» **WORK TO BE COMPLETED**:
From the listing below, give again exactly the lines from the line with "İsrail’in Gazze’ye yönelik" to the line with "Oddly, in the", ends included, without any pictures.

» **RECORDS FOR PROCESSING**:
== Segment start ==

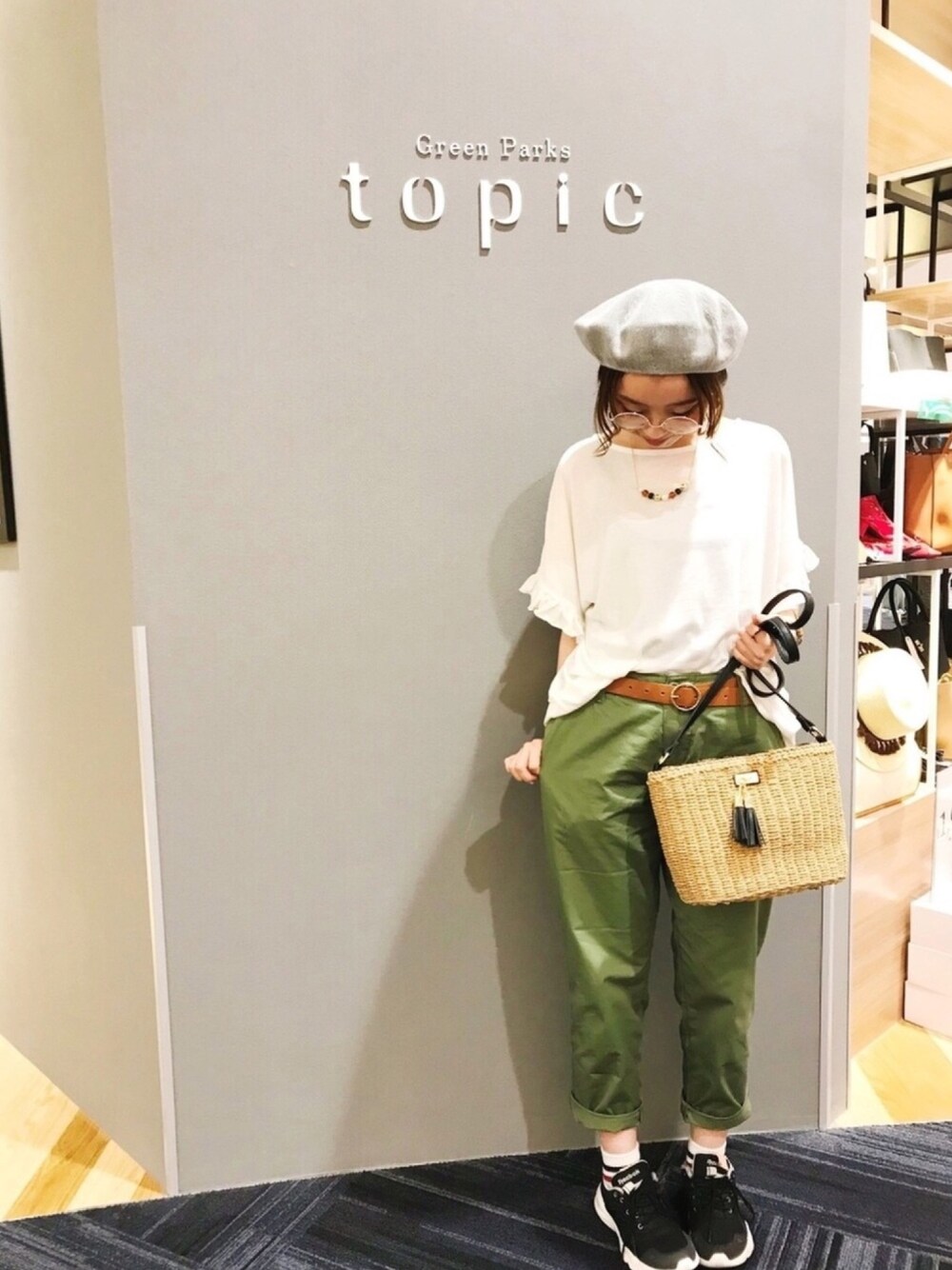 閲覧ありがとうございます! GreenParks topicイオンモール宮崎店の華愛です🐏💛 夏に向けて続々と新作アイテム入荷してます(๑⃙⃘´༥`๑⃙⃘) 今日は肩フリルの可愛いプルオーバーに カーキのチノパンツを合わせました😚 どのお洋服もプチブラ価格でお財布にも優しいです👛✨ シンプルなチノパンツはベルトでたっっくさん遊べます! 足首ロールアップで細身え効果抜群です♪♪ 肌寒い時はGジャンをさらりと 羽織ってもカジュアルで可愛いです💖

== Segment end ==
== Segment start ==

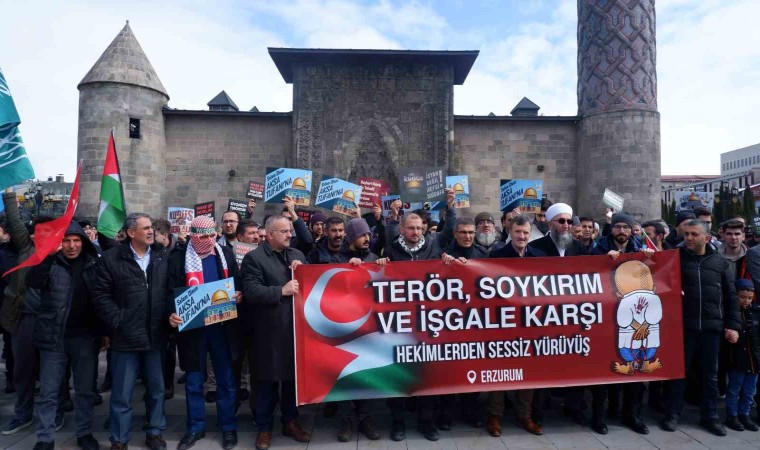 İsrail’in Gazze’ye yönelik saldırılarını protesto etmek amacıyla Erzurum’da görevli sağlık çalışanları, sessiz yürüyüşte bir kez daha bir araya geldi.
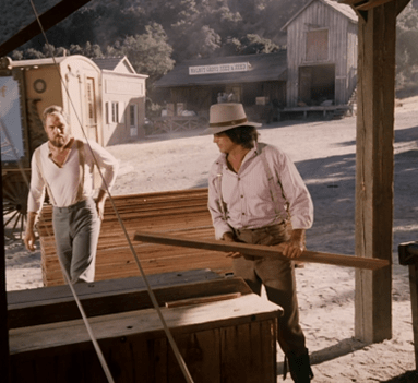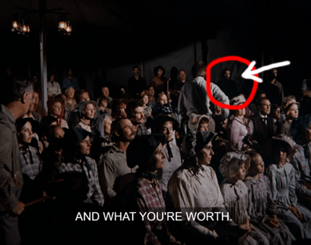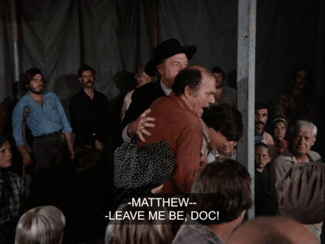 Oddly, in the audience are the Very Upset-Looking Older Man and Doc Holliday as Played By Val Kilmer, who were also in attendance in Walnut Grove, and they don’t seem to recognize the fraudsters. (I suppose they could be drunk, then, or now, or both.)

== Segment end ==

» **OUTPUT FOR THIS TASK**:
 İsrail’in Gazze’ye yönelik saldırılarını protesto etmek amacıyla Erzurum’da görevli sağlık çalışanları, sessiz yürüyüşte bir kez daha bir araya geldi.
 Oddly, in the audience are the Very Upset-Looking Older Man and Doc Holliday as Played By Val Kilmer, who were also in attendance in Walnut Grove, and they don’t seem to recognize the fraudsters. (I suppose they could be drunk, then, or now, or both.)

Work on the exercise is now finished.